- AIM OF THE EXERCISE: Copy the data that follows exactly, and include none of its images.

- INFORMATION SUPPLIED:
==*==

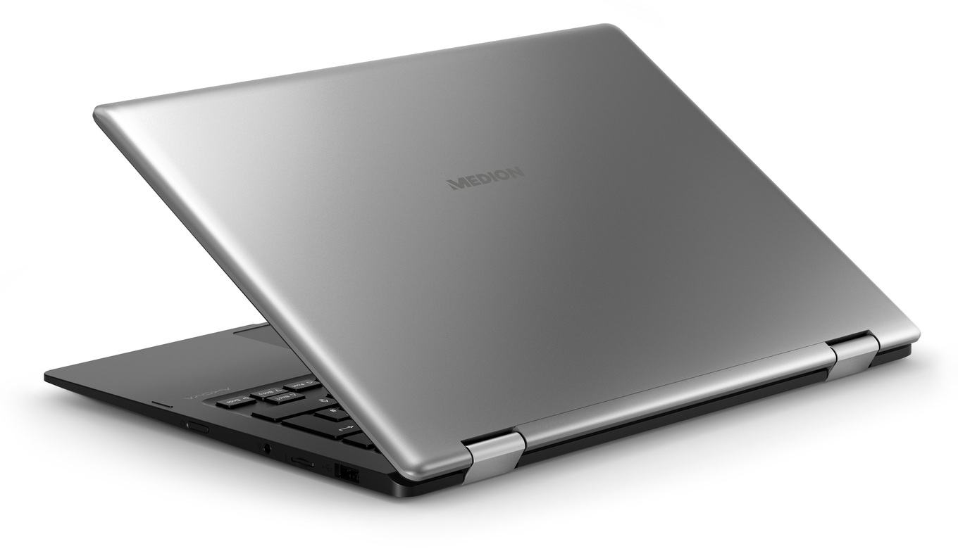 Das Medion E2292 wird hingegen als Convertible verkauft. Der Bildschirm misst 11,6 Zoll in der Diagonalen und verfügt zusätzlich über eine Touch-Funktion. Hier kommt mit dem Intel Celeron N4100 außerdem eine deutlich leistungsschwächere CPU zum Einsatz und auch beim Arbeitsspeicher hat der Nutzer mit 4 GB weniger Kapazität zur Verfügung. Der interne Speicher wird auf 128 GB beziffert und kann nicht erweitert werden. Laut Medion arbeitet das E2292 komplett lüfterlos und erzeugt damit während dem Betrieb auch keinen Lärm.
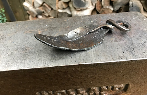 Hey look…another friggin J hook with a leaf…but this one is sitting on an anvil.
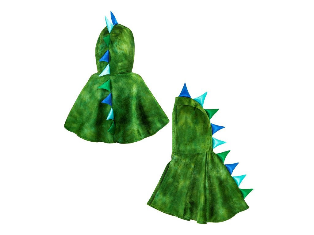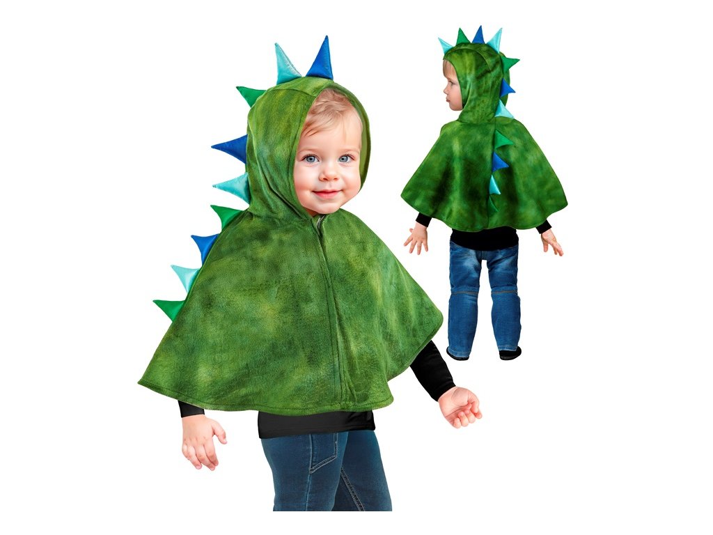 Veselý detský kostým plyšového dinosaura v podobe ponča s kapucňou, ktorý je ideálny na karnevaly, tematické oslavy, školské podujatia alebo detské párty. Mäkký plyšový materiál zabezpečuje pohodlné nosenie a zároveň poskytuje teplo počas chladnejších dní.

==*==

- OUTPUT FOR THIS TASK:
 Das Medion E2292 wird hingegen als Convertible verkauft. Der Bildschirm misst 11,6 Zoll in der Diagonalen und verfügt zusätzlich über eine Touch-Funktion. Hier kommt mit dem Intel Celeron N4100 außerdem eine deutlich leistungsschwächere CPU zum Einsatz und auch beim Arbeitsspeicher hat der Nutzer mit 4 GB weniger Kapazität zur Verfügung. Der interne Speicher wird auf 128 GB beziffert und kann nicht erweitert werden. Laut Medion arbeitet das E2292 komplett lüfterlos und erzeugt damit während dem Betrieb auch keinen Lärm.
 Hey look…another friggin J hook with a leaf…but this one is sitting on an anvil.
 Veselý detský kostým plyšového dinosaura v podobe ponča s kapucňou, ktorý je ideálny na karnevaly, tematické oslavy, školské podujatia alebo detské párty. Mäkký plyšový materiál zabezpečuje pohodlné nosenie a zároveň poskytuje teplo počas chladnejších dní.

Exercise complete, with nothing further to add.